Imagine a social network as large as Twitter or Facebook. In the world of data, each user can be described as a point or “node,” and each interaction between users is a line or “edge” between the nodes. There are nearly limitless attributes for a node – geographical location, age, favorite tree – and the number of edges that connect users are apt to be highly irregular given that some people have millions of connections and other just a handful. The collection of nodes and edges, called “graph structured data,” presents two problems to computer scientists in that the data set can be both massive and irregular.
“There isn’t any inherent kind of pattern or structure to a lot of these networks,” Slota said. “So it becomes computationally challenging to work with these data sets because you can’t make any assumptions about what’s going on under the hood without actually first studying what’s going on under the hood.”
With the grant, Slota will develop a “graph layout,” a high-quality and scalable means of partitioning, ordering, and storing the data given the data type, the relevant algorithms, and the hardware platform that will be used to analyze it.
Once the data is loaded in a way that makes sense, the second challenge is processing it. In many ways, these are similar problems.

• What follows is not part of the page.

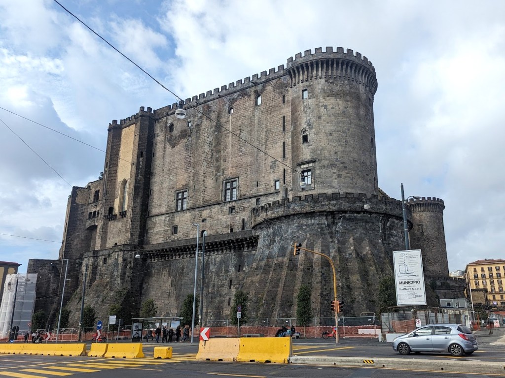 Deixo aqui apenas com uma breve descrição de ambos os castelos começando pelo Castel Nuovo, o castelo da cidade, construído entre 1279 e 1282. Foi inicialmente habitado por Carlos II de Nápoles, sofrendo mais tarde vários danos na altura da invasão húngara em 1347 e francesa em 1494. O Castel dell’Ovo é mais antigo do que o Castel Nuovo, tendo este sido construído em 1128. Este edifício teve vários papéis como o defensivo, prisional e residencial para a família real. A visita é gratuita, apesar de o termos encontrado encerrado (de momento encontra-se temporariamente encerrado para renovações) mas é impossível perdê-lo, um castelo a entrar pelo mar dentro.

Slota will work to map the data and the algorithmic analysis method to the equally complex and irregular architecture of the supercomputer, with its network of interconnected computers, processors, and multiple levels of memory.
And then, Slota said, “we want to bring it home,” by which he means producing scalable open-source software, software frameworks, and toolkits that will enable the broader scientific community to easily address these challenges as related to their specific dataset, analytical problem, and hardware.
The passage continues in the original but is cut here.